Emperor's New Clothes

Album: Death of a Bachelor (2015)
Charted: 68

Songfacts®:

  • The Emperor's New Clothes is a children's fable written in 1835 by Hans Christian Andersen. In the tale, two weavers hoodwink the Emperor into wearing a new suit of clothes supposedly magnificent, but invisible to underlings. In fact they do not exist at all. When the Emperor parades naked down the street, his subjects pretend to marvel at his clothes until an innocent child points out that he is unclothed.
  • In this song, Brendon Urie, unlike the emperor, is aware of his foolishness yet still wants the glory. The Panic frontman explained to Kerrang! "It's actually is a lot about that Hans Christian Andersen story. The Emperor's New Clothes, but instead of being the dumbfounded, gullible emperor, I actually know what's going down, and I just choose to be naked. There is a lot of that arrogance behind it, and that was a song that I felt I hadn't written in the past."
  • Asked by Kerrang how much this song represents the mind set of Death of a Bachelor, Urie replied: "I wanted a song that says, 'This is mine. I do what I do because I feel that it's my right. I own this, and I've earned it, and I deserve every bit that I put into this work."

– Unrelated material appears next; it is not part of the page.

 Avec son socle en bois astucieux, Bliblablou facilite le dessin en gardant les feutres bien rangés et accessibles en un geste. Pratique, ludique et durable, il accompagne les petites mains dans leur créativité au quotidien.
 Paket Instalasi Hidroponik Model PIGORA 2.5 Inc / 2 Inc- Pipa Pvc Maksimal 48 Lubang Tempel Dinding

    He added: "It's about my life as a producer, songwriter and as band leader. I'm taking back the crown."
  • The song is 100 percent autobiographical. Brendon Urie explained to Genius: "Over the past ten years I've been this one person, as I saw myself in Panic! At The Disco. But now I am Panic! At The Disco, and that's what I wanted to come across. Now it's all changed, and I'm taking it back."

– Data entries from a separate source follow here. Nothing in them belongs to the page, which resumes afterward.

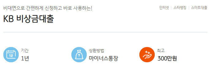 이번 시간에는 국민은행 비상금대출의 특징안내, 신청자격, 대출한도, 상환기간, 대출금리, 필요서류 등에 대해 간략히 알려드리겠습니다.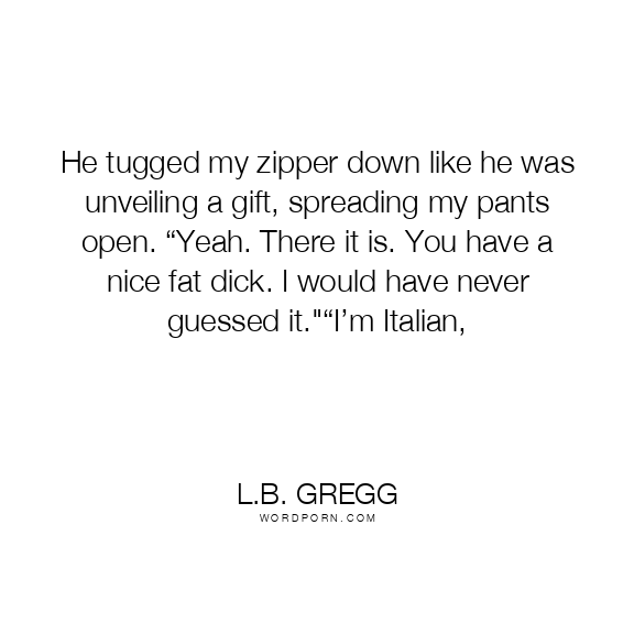 He tugged my zipper down like he was unveiling a gift, spreading my pants open. “Yeah. There it is. You have a nice fat dick. I would have never guessed it."“I’m Italian,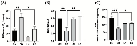 Liraglutide treatment effects on cardiac oxidative stress markers in rats with diabetes. (A) Malondialdehyde (MDA) levels. (B) Superoxide dismutase (SOD) activity. (C) Glutathione peroxidase (GPx) activity. Data are exhibited in the form of means ± SEM (n = 6 samples in each group). One-way ANOVA was used for inter-group comparisons, then the Tukey–Kramer post hoc test. CN, normal control group; CD diabetic control group; LN, nondiabetic rats receiving liraglutide treatment; LD, diabetic rats receiving liraglutide treatment. Differences reaching a level of significance are indicated as ** p < 0.01 and *** p < 0.001 compared with the normal control group (CN), and * p < 0.05; ** p < 0.01 compared with the control group containing diabetic rats (CD).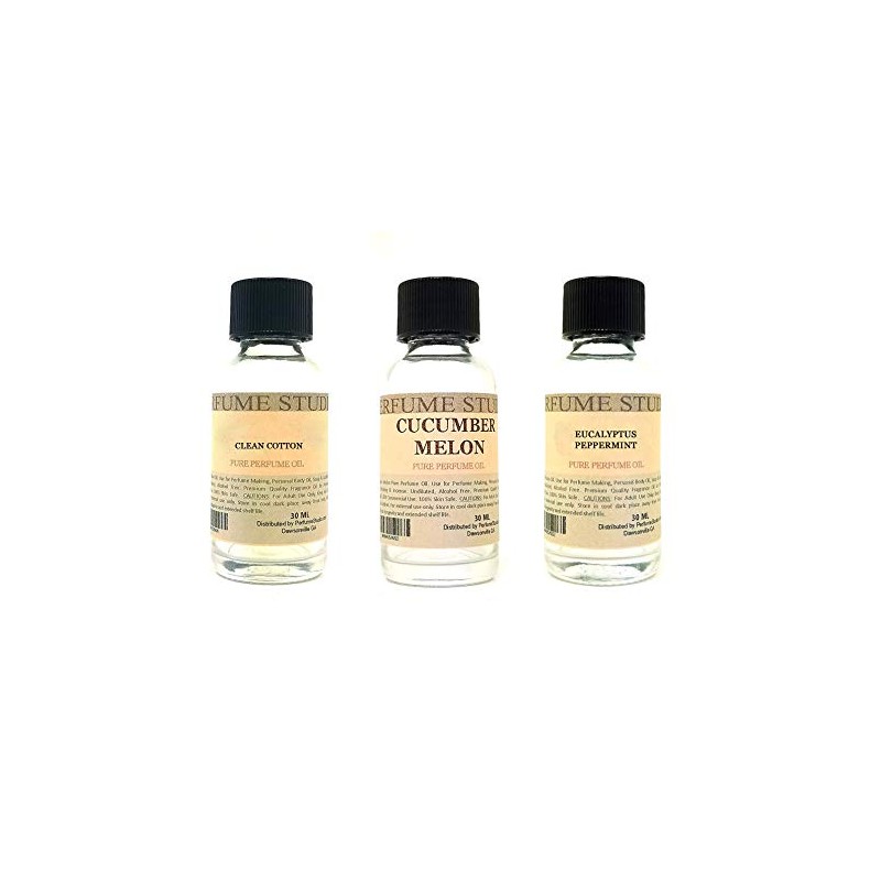 Perfume Studio Pure Parfum Strength Fragrance Oil 3-Piece Set; 1oz Splash-On Glass Bottle, each. Undiluted, Alcohol Free Concentrated Premium Grade Oil. Use for Perfume Making, Personal Body Oil, Cologne making, Soap & Candle Making, Incense. Use on Oil Burners and some home diffusers, depending on manufacturer.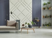 Szary pokój dekoracyjny tło ściany, ciemnoniebieska sofa, środkowy stół, koc w stylu poduszki, wazon z bawełny kwiat i dywan, pomarańczowa lampa, dekoracja wnętrz.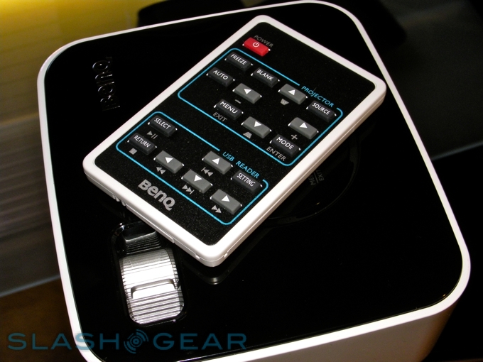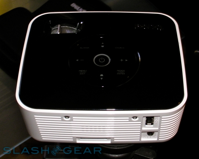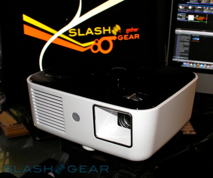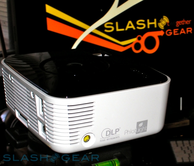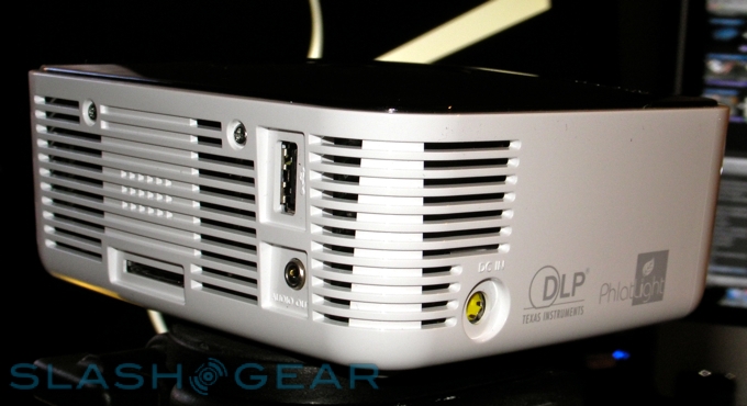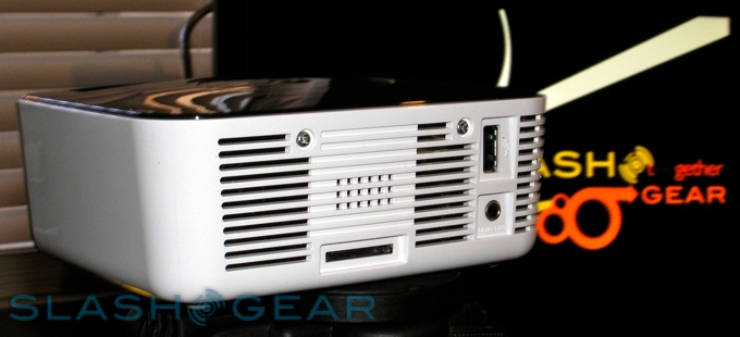 For $499, you get the world's first-ever LED-based projector with a USB reader. Specs wise, you'll find a Texas Instruments DLP projection system outputting 858 x 600 resolution, 100 ANSI lumens, a 2,000:1 contrast ratio, a built-in 2-watt speaker and VGA / component / composite inputs. Did I mention that it's only 1.4 pound projector?!

    "I feel like I've deserved this for a long time," he added. "I've sat on the sidelines for a while. Now is my chance, so I'm going to step up and take what's mine."
  • Urie recalled the recording of the track: "I spent a lot of time stacking my own vocals. I stacked myself multiple times - 38 times, I think. I stacked myself doing different voices, so the bridge has this operatic evil feel. And it's all over the place - a little Queen, but a little darker, like if the devil recorded an answering machine message and you gave it to Skrillex, then remixed the recording, slowed it down and chopped it up."
  • Urie and Panic! producer Jake Sinclair wrote this with the songwriters Lolo, Sam Hollander and Dan Wilson.